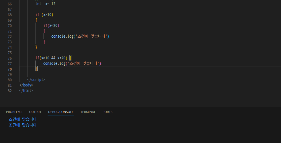 이유 : 10초과 20미만의 수를 동시에 만족할때를 말하므로 AND조건인 &&이다.
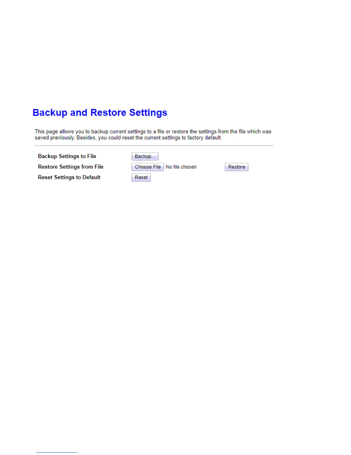 Reset Settings to Default: Press Reset button to restart the device with factory default settings.
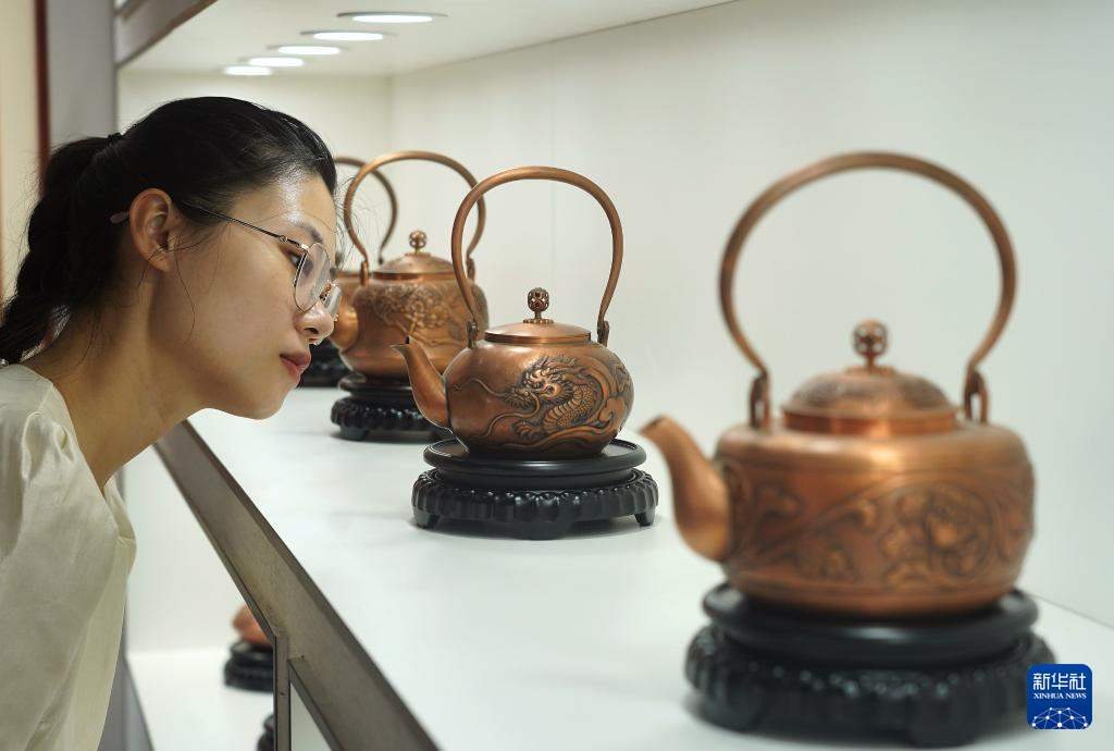 参观者在江西中鼎金属工艺有限公司的展厅里观赏铜壶工艺品(7月13日摄)。新华社记者 万象 摄
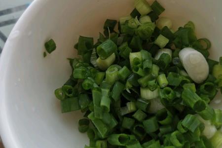步骤3、葱花切好备用。(其实更想吃玉米,香肠,猪肝口味的,但是实在买不到。)
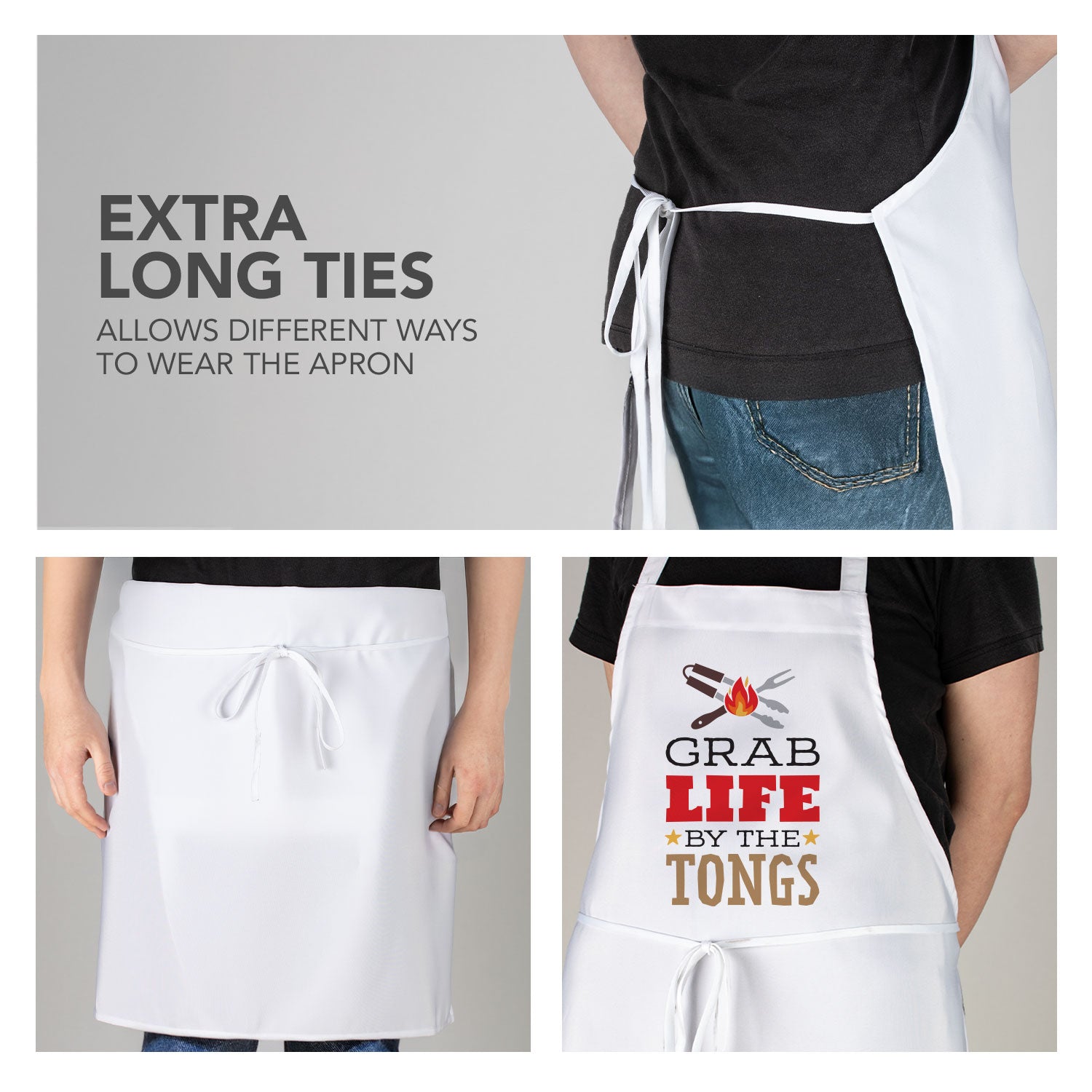 EXTRA LONG TIES-Extra-long ties allow the apron to be worn multiple ways. You can wear the strap around your neck or tie the apron to only cover your mid-section. Material is lightweight so it can be worn on hot days outside.

_Exercise_: Give back exactly the lines from the line with "参观者在江西中鼎金属工艺有限公司的展厅里观赏铜壶工艺品(7月13日摄)。新华社记者 万象 摄" through the final line of the entries above, and keep pictures out of the copy.

_Reply_:
 参观者在江西中鼎金属工艺有限公司的展厅里观赏铜壶工艺品(7月13日摄)。新华社记者 万象 摄
步骤3、葱花切好备用。(其实更想吃玉米,香肠,猪肝口味的,但是实在买不到。)
 EXTRA LONG TIES-Extra-long ties allow the apron to be worn multiple ways. You can wear the strap around your neck or tie the apron to only cover your mid-section. Material is lightweight so it can be worn on hot days outside.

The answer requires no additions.